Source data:
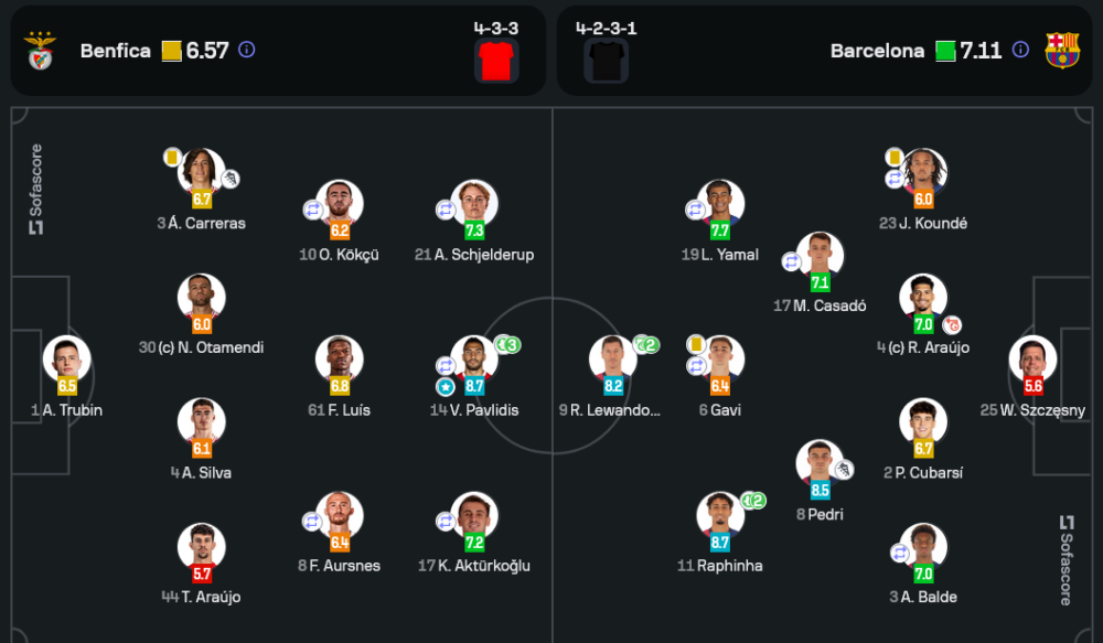 กองหน้าของเบนฟิก้าระเบิดฟอร์มสุดยอด ทำแฮตทริก และสร้างความอันตรายตลอดทั้งเกม ได้คะแนนสูงสุดที่ 8.7 แม้ทีมจะแพ้ก็ตาม
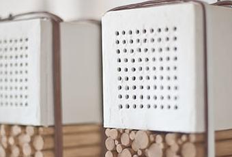 La particularidad de estos altavoces es la conjugación de dos materiales, la porcelana y la madera. El concepto es generar con estos materiales un “sonido natural”, logrando reproducir unos bajos gordos y unos altos fuertes. Por otro lado la estética es impecable.
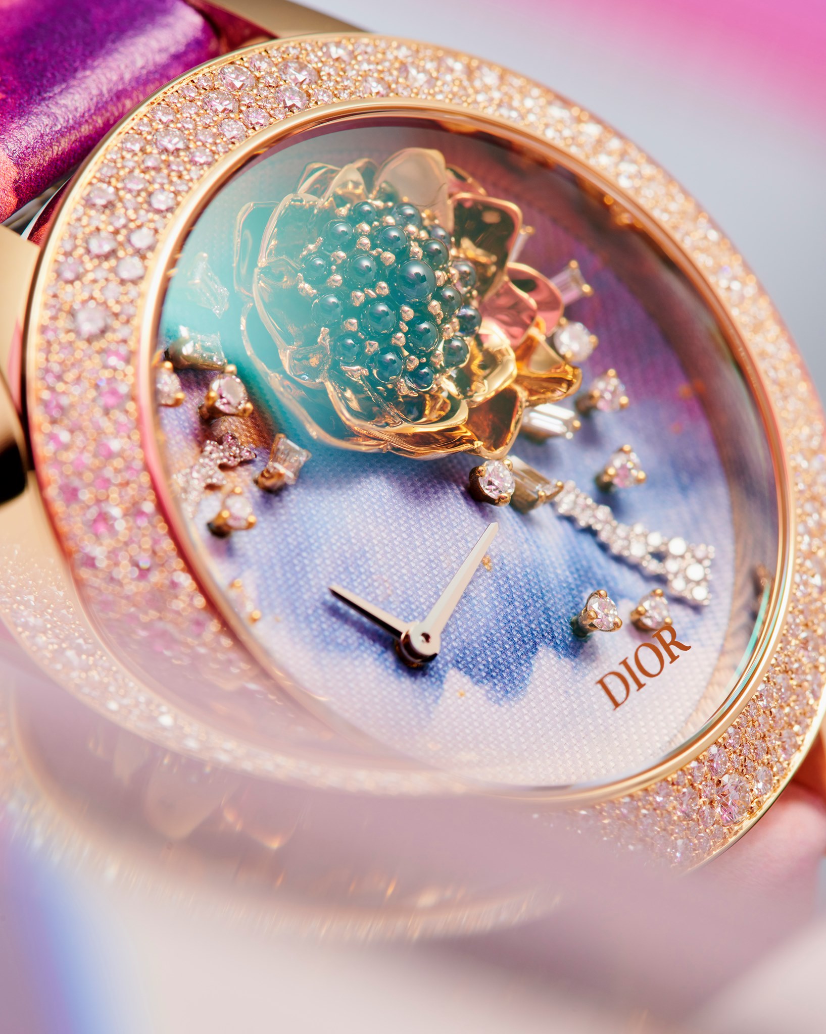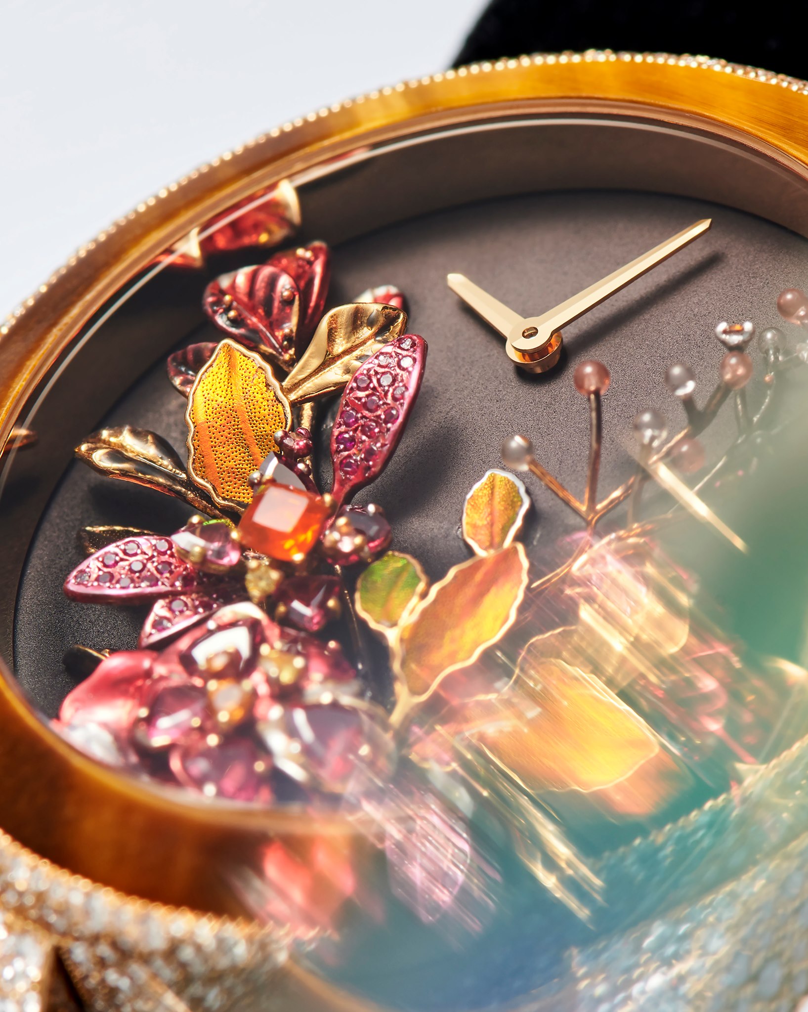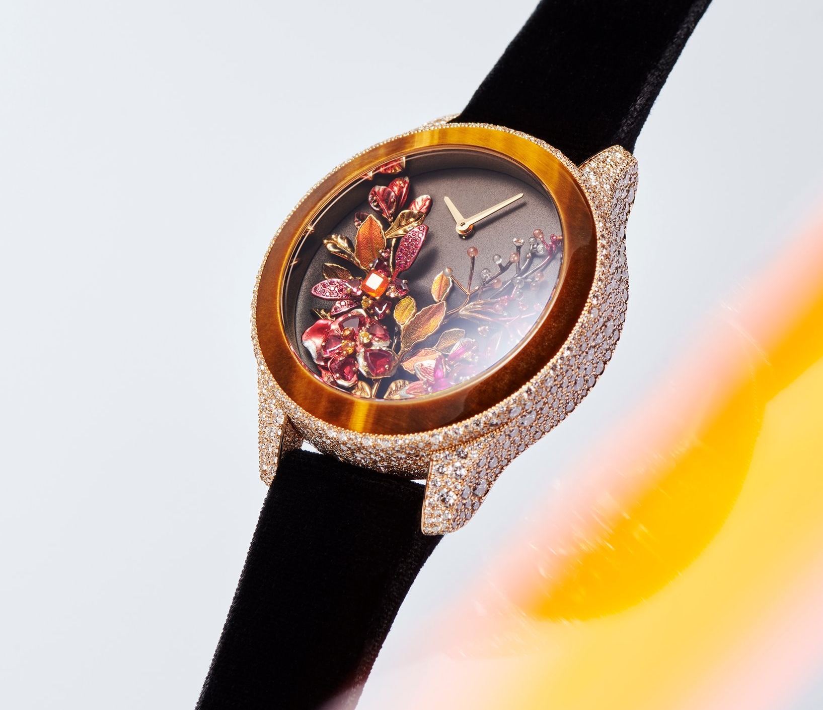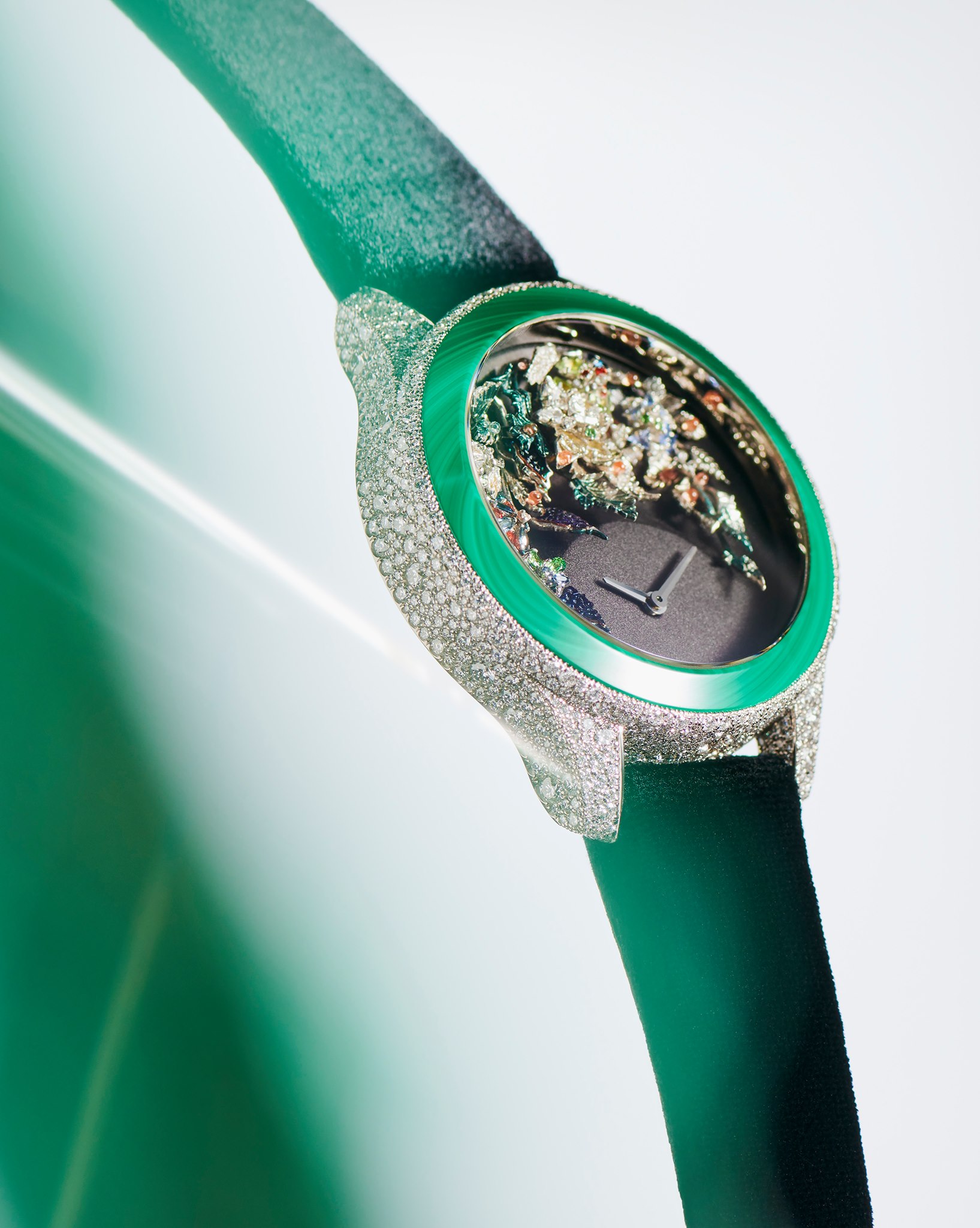 With a quartz movement, each unique Dior watch represents a different garden bathed in the dream-filled twinkling light from dusk to dawn, evoked through leaves and petals in precious stones and scarab marquetry, framed by a hardstone bezel on a snow-set diamond case.
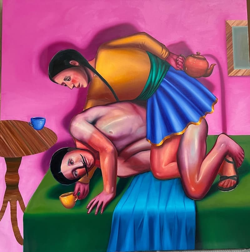 Su práctica evoca escenas teatrales con atmósferas extrañas llenas de metáforas y referencias sociopolíticas. Estas narrativas disparatadas trascienden el lienzo a través de obras escultóricas e instalaciones en las que transporta sus escenas a otra dimensión, invitando al público a formar parte de sus extrañas pantomimas.
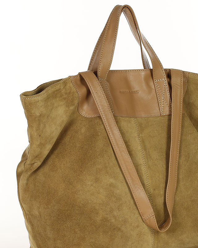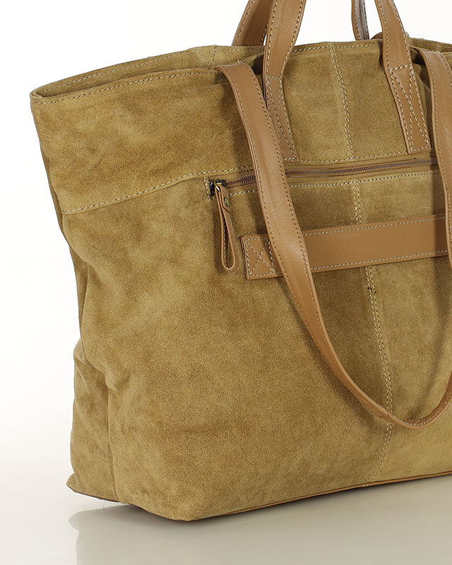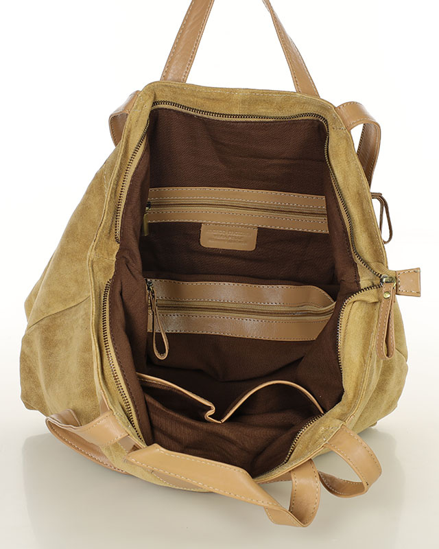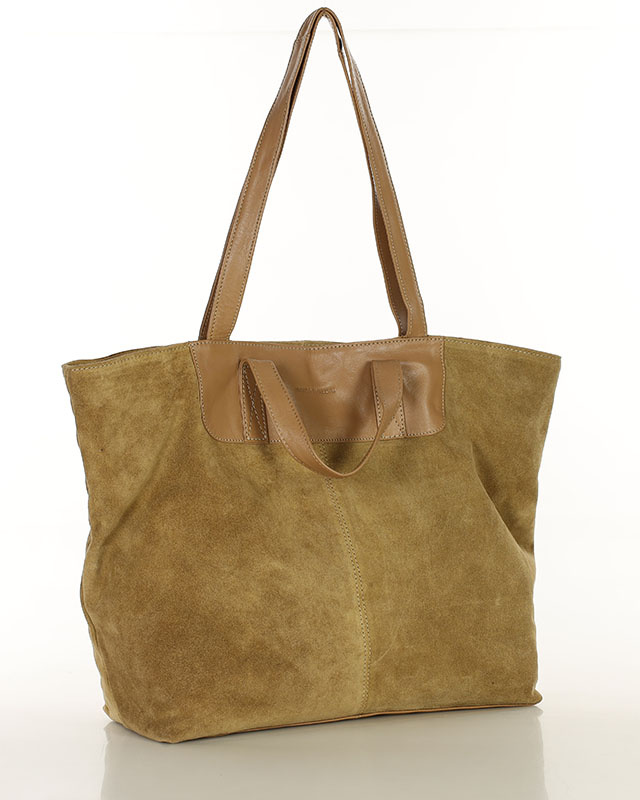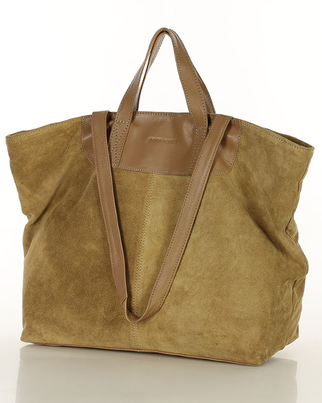 Duża torba zamszowa skórzana podwójne rączki - MARCO MAZZINI beżowa
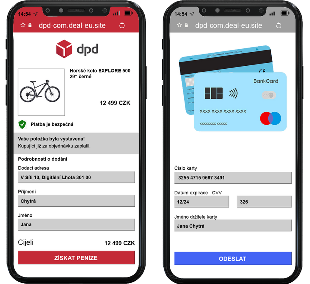 Prodáváš na bazarech nebo přes „socky“? Tak bacha! Podvodníci tě mohou oslovit s nabídkou, která vypadá příliš dobře na to, aby byla pravdivá. Tvrdí, že vše uhradí sami, ale aby ti mohli poslat peníze, potřebují znát číslo tvojí karty, na kterou údajně převedou peníze. Obvykle posílají odkaz, který vypadá jako stránka přepravní společnosti (např. DPD). Na této stránce tě vyzvou nejen k vyplnění adresy, ale také veškerých údajů z tvé platební karty. A pak už jen přihlížíš, jak ti mizí peníze z účtu.
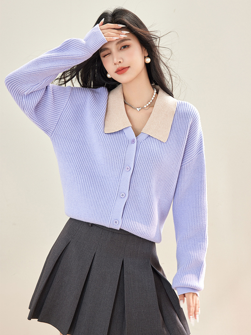 부드러운 스타일 느슨한 대조 컬러 옷깃 니트 스웨터 카디건 여성의 2024 가을 및 겨울 스웨터 코트 부드러운 스타일 외부 탑스토어 가기
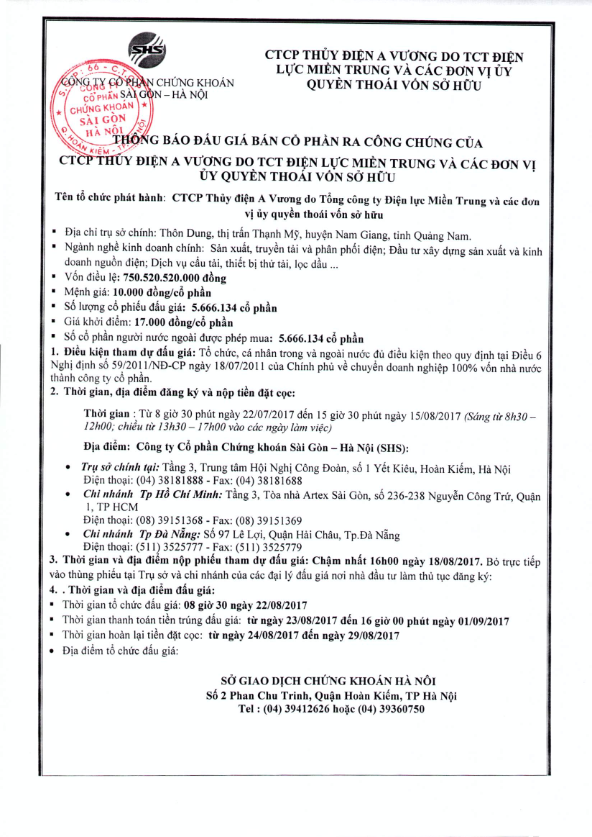 Thông báo đấu giá CTCP Thủy điện A Vương do Tổng công ty Điện lực Miền Trung và các đơn vị ủy quyền thoái vốn sở hữu
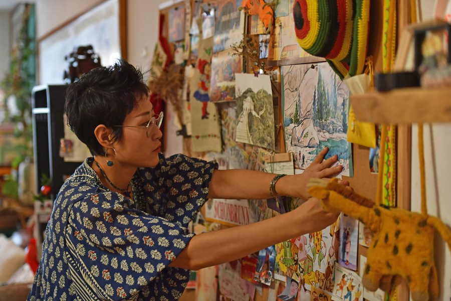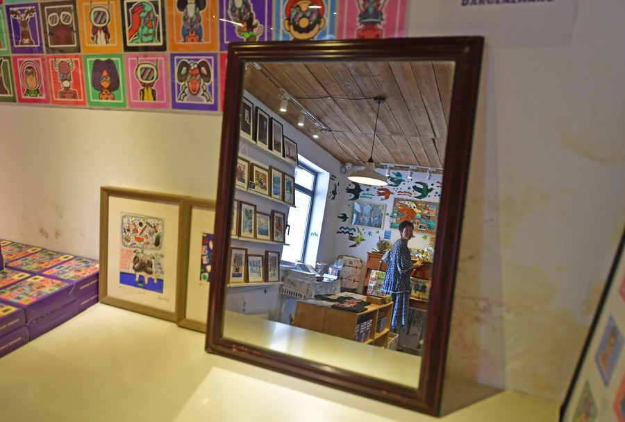 Jiang Yige sorts out cultrual and creative products at a gallery where she displays her works in Dandong City, northeast China's Liaoning Province, Aug. 22, 2023. (Xinhua/Yang Qing)
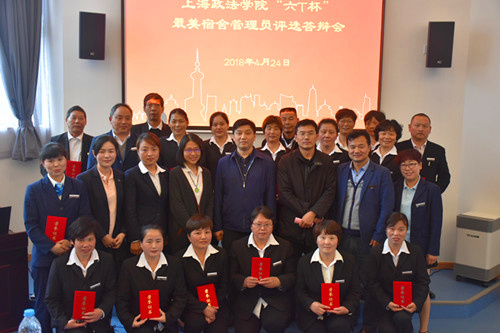 近年来,上海市教委开展了以“天天安全保障”“天天人性服务”“天天规范管理”“天天行为育人”“天天检查评估”和“天天反馈提高”为主要内容的学生公寓“六T”实务现场管理达标评估工作。为了进一步推进我校“六T”达标公寓建设,让广大师生充分地了解宿舍管理员可亲可敬可爱的一面,树立社区先进典型,4月24日下午,我校在上合组织基地107举办了“六T杯”最美宿舍管理员评选答辩活动。上海市学校后勤协会公寓专业委员会副秘书长陈澄,校后勤保障处副处长祝耀明、学生处副处长柯心、保卫处副处长马洪亮出席了答辩会。社区工作人员、学生代表70余人参加了活动。
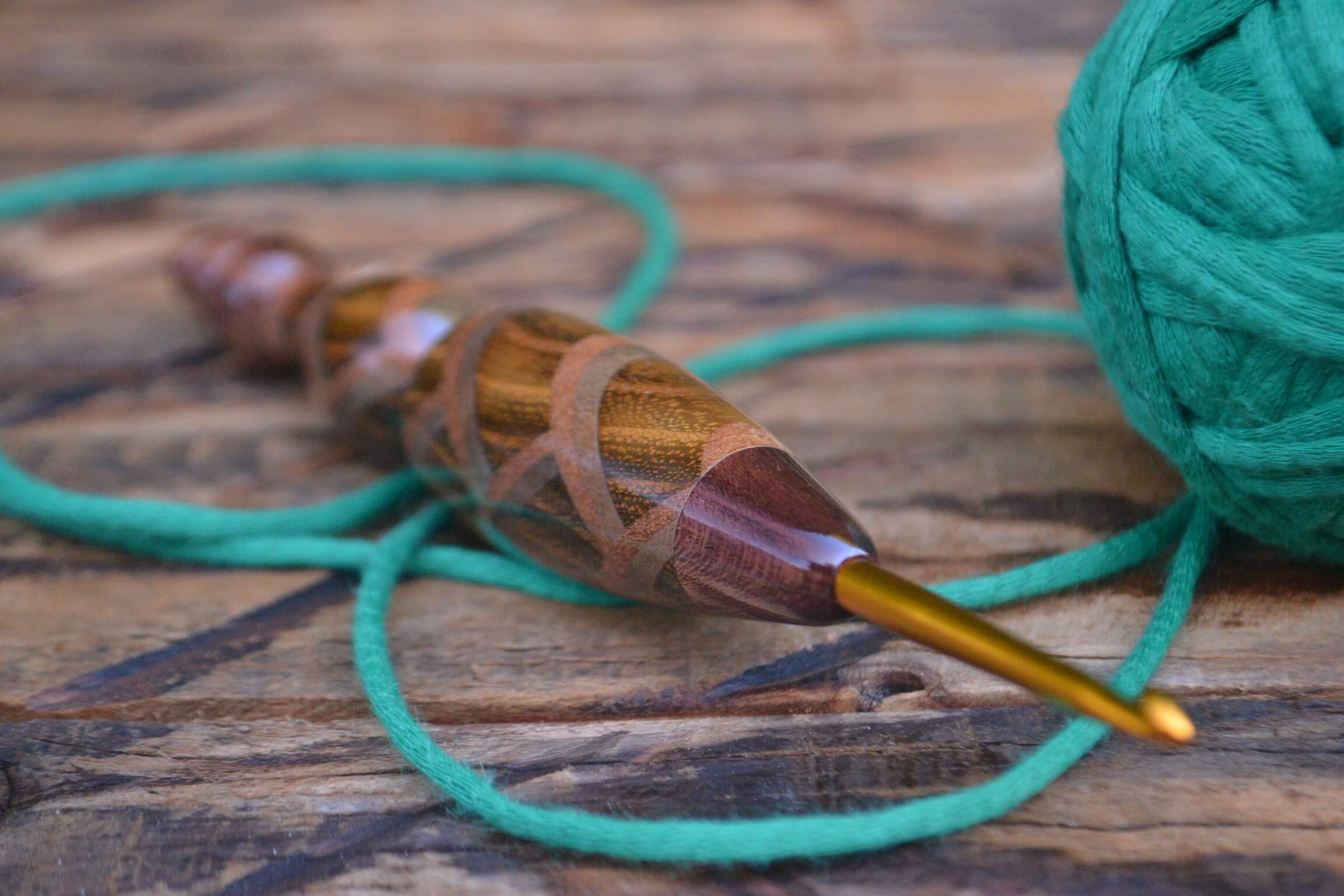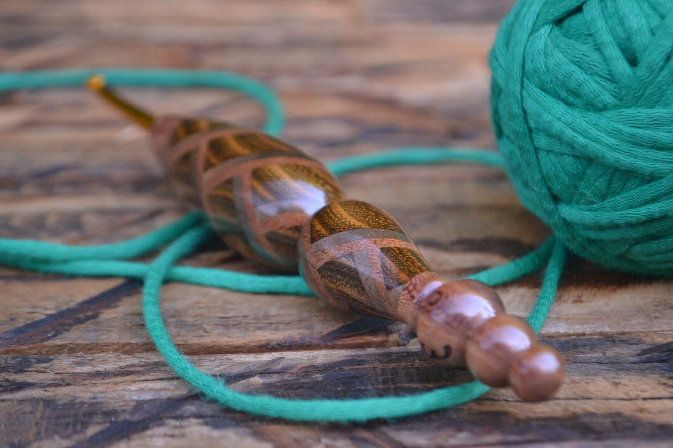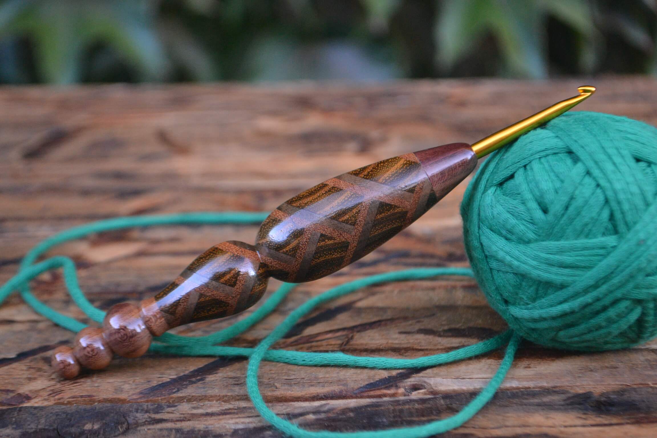 7.5 mm Black Hornbeam, Mosaic Robinia/Apricot/Hornbeam wood Ergonomic Crochet Hook 24 mm 17 cm # 1042-4732

## Problem requirements
In the reply, each line of the data must appear exactly as written, and no picture may appear.

## Answer box
 กองหน้าของเบนฟิก้าระเบิดฟอร์มสุดยอด ทำแฮตทริก และสร้างความอันตรายตลอดทั้งเกม ได้คะแนนสูงสุดที่ 8.7 แม้ทีมจะแพ้ก็ตาม
 La particularidad de estos altavoces es la conjugación de dos materiales, la porcelana y la madera. El concepto es generar con estos materiales un “sonido natural”, logrando reproducir unos bajos gordos y unos altos fuertes. Por otro lado la estética es impecable.
 With a quartz movement, each unique Dior watch represents a different garden bathed in the dream-filled twinkling light from dusk to dawn, evoked through leaves and petals in precious stones and scarab marquetry, framed by a hardstone bezel on a snow-set diamond case.
 Su práctica evoca escenas teatrales con atmósferas extrañas llenas de metáforas y referencias sociopolíticas. Estas narrativas disparatadas trascienden el lienzo a través de obras escultóricas e instalaciones en las que transporta sus escenas a otra dimensión, invitando al público a formar parte de sus extrañas pantomimas.
 Duża torba zamszowa skórzana podwójne rączki - MARCO MAZZINI beżowa
 Prodáváš na bazarech nebo přes „socky“? Tak bacha! Podvodníci tě mohou oslovit s nabídkou, která vypadá příliš dobře na to, aby byla pravdivá. Tvrdí, že vše uhradí sami, ale aby ti mohli poslat peníze, potřebují znát číslo tvojí karty, na kterou údajně převedou peníze. Obvykle posílají odkaz, který vypadá jako stránka přepravní společnosti (např. DPD). Na této stránce tě vyzvou nejen k vyplnění adresy, ale také veškerých údajů z tvé platební karty. A pak už jen přihlížíš, jak ti mizí peníze z účtu.
 부드러운 스타일 느슨한 대조 컬러 옷깃 니트 스웨터 카디건 여성의 2024 가을 및 겨울 스웨터 코트 부드러운 스타일 외부 탑스토어 가기
 Thông báo đấu giá CTCP Thủy điện A Vương do Tổng công ty Điện lực Miền Trung và các đơn vị ủy quyền thoái vốn sở hữu
 Jiang Yige sorts out cultrual and creative products at a gallery where she displays her works in Dandong City, northeast China's Liaoning Province, Aug. 22, 2023. (Xinhua/Yang Qing)
 近年来,上海市教委开展了以“天天安全保障”“天天人性服务”“天天规范管理”“天天行为育人”“天天检查评估”和“天天反馈提高”为主要内容的学生公寓“六T”实务现场管理达标评估工作。为了进一步推进我校“六T”达标公寓建设,让广大师生充分地了解宿舍管理员可亲可敬可爱的一面,树立社区先进典型,4月24日下午,我校在上合组织基地107举办了“六T杯”最美宿舍管理员评选答辩活动。上海市学校后勤协会公寓专业委员会副秘书长陈澄,校后勤保障处副处长祝耀明、学生处副处长柯心、保卫处副处长马洪亮出席了答辩会。社区工作人员、学生代表70余人参加了活动。
 7.5 mm Black Hornbeam, Mosaic Robinia/Apricot/Hornbeam wood Ergonomic Crochet Hook 24 mm 17 cm # 1042-4732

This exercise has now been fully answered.